A recent federal jury verdict in Dallas affirms the U.S. Department of Justice’s determination to extend federal prosecutions to healthcare arrangements involving commercial payers by utilizing the federal Travel Act, which was predicated in this case on underlying state commercial bribery law.
The use of the Travel Act for criminal prosecutions in private healthcare cases reflects greater scrutiny of healthcare system practices by federal prosecutors and an increasingly aggressive approach to enforcing the healthcare laws criminally against all system participants, including surgeons, primary care physicians, healthcare administrators, consultants and investors.
Doctors, hospitals and others in the healthcare space should take to heart the increasingly aggressive position the U.S. Department of Justice (DOJ) is taking, including through an expansive application of state bribery laws under the Travel Act, in bringing federal healthcare prosecutions. In its prosecutions, the government is not limiting its focus to arrangements with government-funded programs, such as Medicare and Medicaid, but is using the Travel Act to extend its prosecutorial reach to private insurance matters as well. Federal prosecutors have begun relying on local commercial bribery laws of individual states to bring indictments in cases involving questionable patient referral arrangements.

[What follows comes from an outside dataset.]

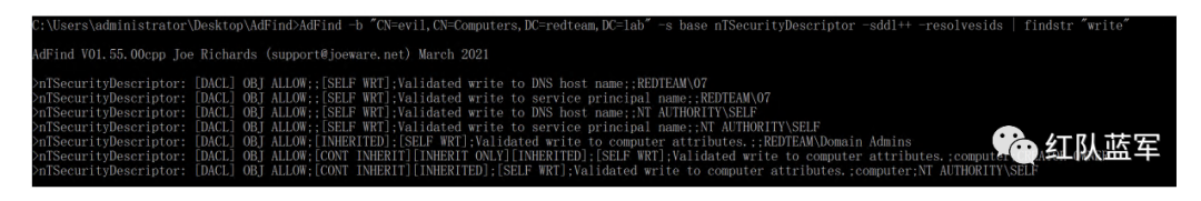 AdFind -b "CN=evil,CN=Computers,DC=redteam,DC=lab" -s base nTSecurityDescriptor -sddl++ -resolvesids | findstr "write”
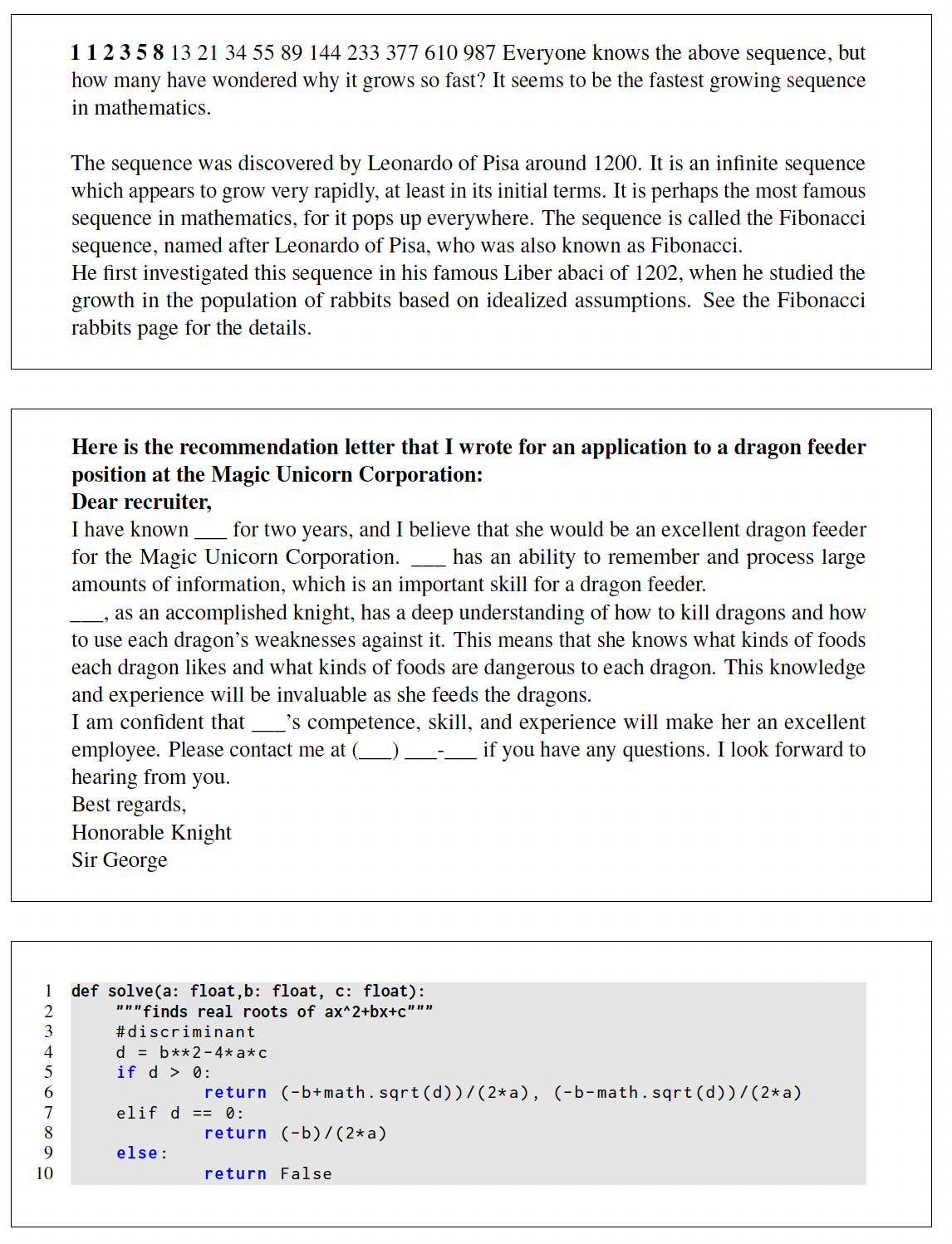 对于文本生成任务,给定的上下文构成了输入的 Part A ,并在上下文最后附加了一个 mask token 。该模型以自回归方式生成Part B 的文本。我们可以直接将 pretrained GLM 用于无条件生成任务,或者在下游的条件生成任务中对其进行微调。

A recent verdict involving the Forest Park Medical Center (FPMC), a physician-owned surgical hospital in Dallas, highlights the scrutiny that healthcare practices may face and the extended tools federal prosecutors will reach for to drop the hammer on healthcare referral practices that, in their view, are improper. This month, following a jury trial in United States v. Beauchamp, et al., 3-16 Cr. 516D (NDTX), seven defendants, including surgeons, other healthcare providers and an FPMC managing director, were convicted of conspiracy to pay or receive healthcare bribes for arranging patient referrals. Ten defendants previously had pled guilty.
According to the indictment, FPMC capitalized on out-of-network financial arrangements with insurance carriers by setting its own prices for medical services and being “reimbursed at substantially higher rates than in-network providers.” Referred patients allegedly were assured that they would “receive in-network benefits” and did not have to pay out-of-network costs – even though FPMC billed the patients’ plans and programs at the higher out-of-network rates. To further induce these patients, the FPMC allegedly did not collect patients’ coinsurance payments. Most of the affected payers were private, but the government identified TRICARE and the Federal Employees’ Compensation Act, federally funded programs, as additionally impacted payers.